Fukushima Radiation Leak to Hit US Shores in April
Radioactive ocean water from the Fukushima Dai-ichi nuclear plant in Japan will reach the U.S. by April should a Fukushima plume prediction hold true.
"The plume of radiation from the Fukushima Dai-ichi nuclear power plant is forecasted to be detectable at the Pacific coast in April 2014, according to a scientific model developed by Vincent Rossi, a post-doctoral research associate at the Institute for Cross-Disciplinary Physics and Complex Systems in Spain," reports Woods Hole Oceanographic Institute (WHOI).
Marine chemist Ken Buesseler, the man behind crowdsourcing campaign 'How Radioactive Is Our Ocean', says that radiation levels will most likely be not that high but remarked that the ocean's radiation levels need ample monitoring as it is "an evolving situation."

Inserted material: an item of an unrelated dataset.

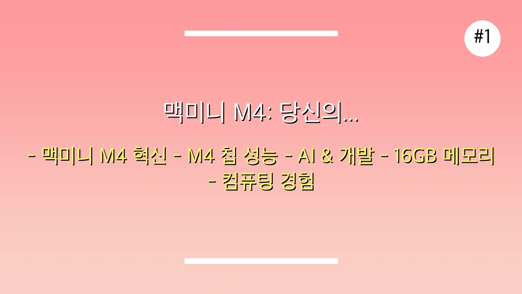 최신 M4 칩을 탑재한 맥미니 M4는 단순한 업그레이드를 넘어, 당신의 컴퓨팅 경험을 한 단계 끌어올릴 강력한 성능과 효율성을 선사합니다. 기본 16GB 메모리부터 시작하는 넉넉한 사양은 AI 작업, 프로그래밍, 영상 편집 등 고사양을 요구하는 작업에서도 막힘없는 만족감을 제공합니다. 이 글에서는 맥미니 M4를 선택해야 하는 구체적인 이유들을 전문가적인 시각과 실제 사용자 경험을 바탕으로 자세히 알려드립니다. 놓치면 안 되는 정보를 지금 바로 확인하세요!

Contrary to other reports that radioactive ocean water has already arrived at the California coast, Buesseler and his team says that radiation from the Fukushima nuclear disaster has not yet reached ocean waters along the Pacific coast, reports the San Francisco Chronicle.

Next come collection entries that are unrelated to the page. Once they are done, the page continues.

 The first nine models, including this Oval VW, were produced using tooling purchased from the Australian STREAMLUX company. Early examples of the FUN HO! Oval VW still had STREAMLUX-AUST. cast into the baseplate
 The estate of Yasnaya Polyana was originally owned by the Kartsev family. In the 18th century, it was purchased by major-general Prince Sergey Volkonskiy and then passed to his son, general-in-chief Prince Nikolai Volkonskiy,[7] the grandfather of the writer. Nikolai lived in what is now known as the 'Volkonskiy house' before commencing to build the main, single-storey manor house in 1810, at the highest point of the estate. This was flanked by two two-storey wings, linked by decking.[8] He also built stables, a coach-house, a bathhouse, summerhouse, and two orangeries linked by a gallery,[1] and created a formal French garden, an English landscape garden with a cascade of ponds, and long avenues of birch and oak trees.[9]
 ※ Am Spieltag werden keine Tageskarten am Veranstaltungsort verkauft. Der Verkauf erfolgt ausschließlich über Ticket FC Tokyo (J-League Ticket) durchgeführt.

The San Francisco Chronicle explains that according to Buesseler, four coastal monitoring sites in California and Washington have detected no traces of radiation from the Fukushima Dai-ichi nuclear plant destruction, at least "not yet," notes the report.
"We have results from eight locations, and they all have cesium-137, but no cesium-134 yet," Live Science quotes Buesseler. The marine chemist adds that cesium-137 levels from the gathered ocean water sample were 1.3 to 1.7 Becquerels per cubic meter.

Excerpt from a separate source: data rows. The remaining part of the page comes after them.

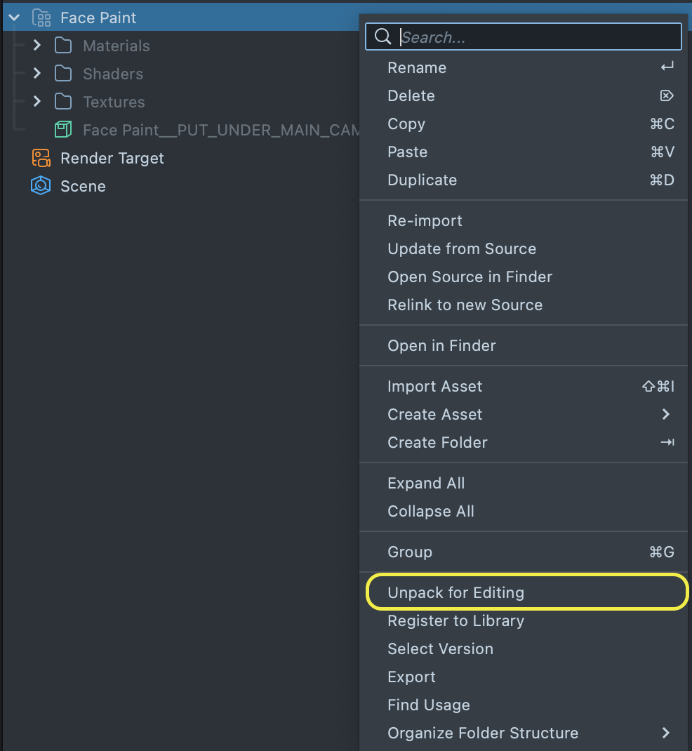 You can right-click and select Unpack for Editing from the drop-down menu to unpack all assets stored in the bundle. Click here to learn more about Asset Packages. Once you unpack the package, you can then edit its content.
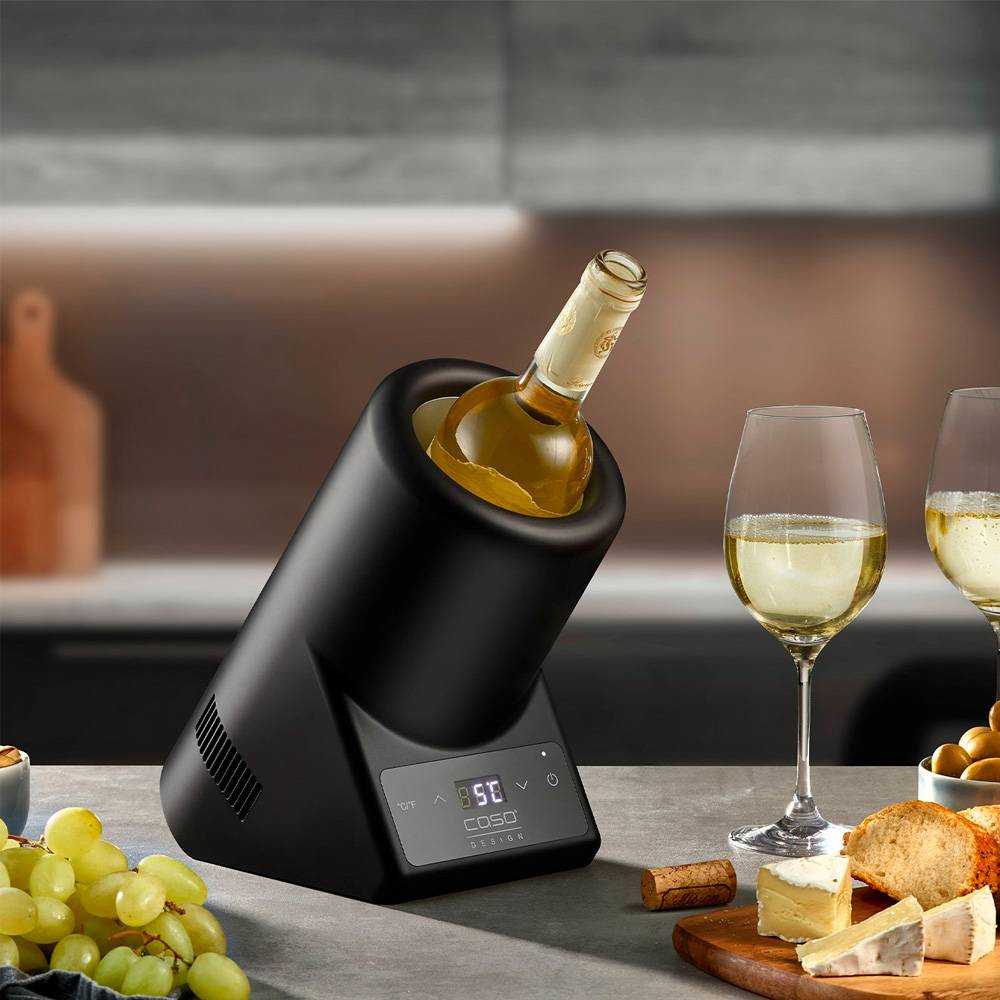 Охладитель для вина CASO VinoCase Black использует возможности термоэлектрического охлаждения, благодаря чему напиток доводится до нужной температуры максимально быстро, охлаждаясь при этом равномерно
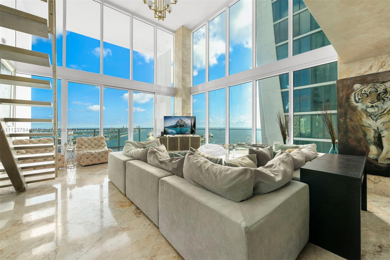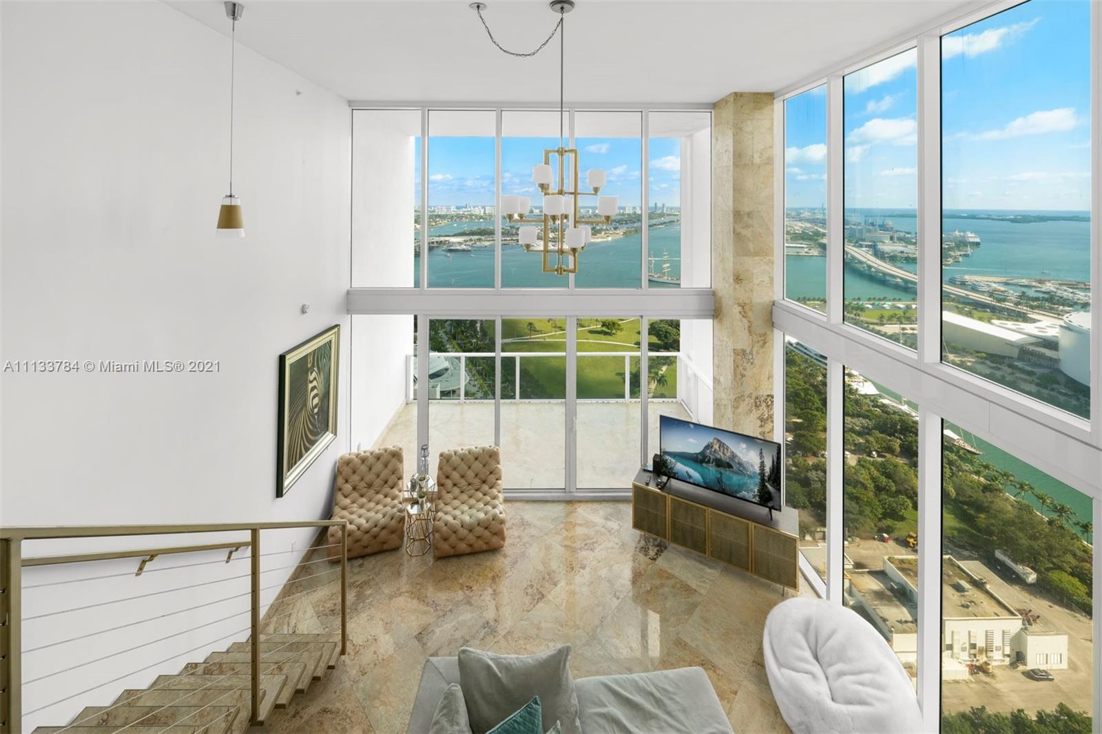 Live at the prestigious and luxurious Ten Museum Park. A boutique building in heart of Downtown Miami. This one-of-a-kind, 2 story, corner unit in the coveted 01 line sits on a high floor maximizing breathtaking views of Biscayne Bay through double height ceilings with floor-to-ceiling walls of glass facing east and south. The unit boasts 2 bedrooms, 2 full bathrooms and 1 half bath spanning 1,735 square feet. Features include an oversized balcony, open floor plan with a loft style owner’s suite and a spa-like glass shower. The gourmet kitchen offers top-of-the-line SubZero and Miele appliances. Enjoy 5 star amenities with a state-of-the-art fitness center, world class spa amenities, five outdoor swimming pools and a 24 hour concierge.

The U.S. safety limit for cesium levels in drinking water is about 28 Becquerels, the number of radioactive decay events per second, per gallon (or 7,400 Becquerels per cubic meter), adds Live Science.
The tell-tale element for the Fukushima Dai-ichi meltdown is reportedly cesium-134, says Live Science. The radioactive isotope has been released from the Japanese nuclear plant in 2011 after the Tohoku earthquake, along with cesium-137 and iodine-131.
According to John Smith, a research scientist at Canada's Bedford Institute of Oceanography, cesium-137 is present in the North Pacific partly due to nuclear weapon tests and nuclear power plant discharge but says that the only cesium-134 in the North Pacific is there from Fukushima, reports Live Science.
Unlike the U.S., ocean water samples collected by Smith and his team from west of Vancouver, Canada in June 2013 showed cesium-134 concentration reaching 0.9 Becquerels per cubic meter, says Live Science. Smith's team is still awaiting results for the February 2014 sample.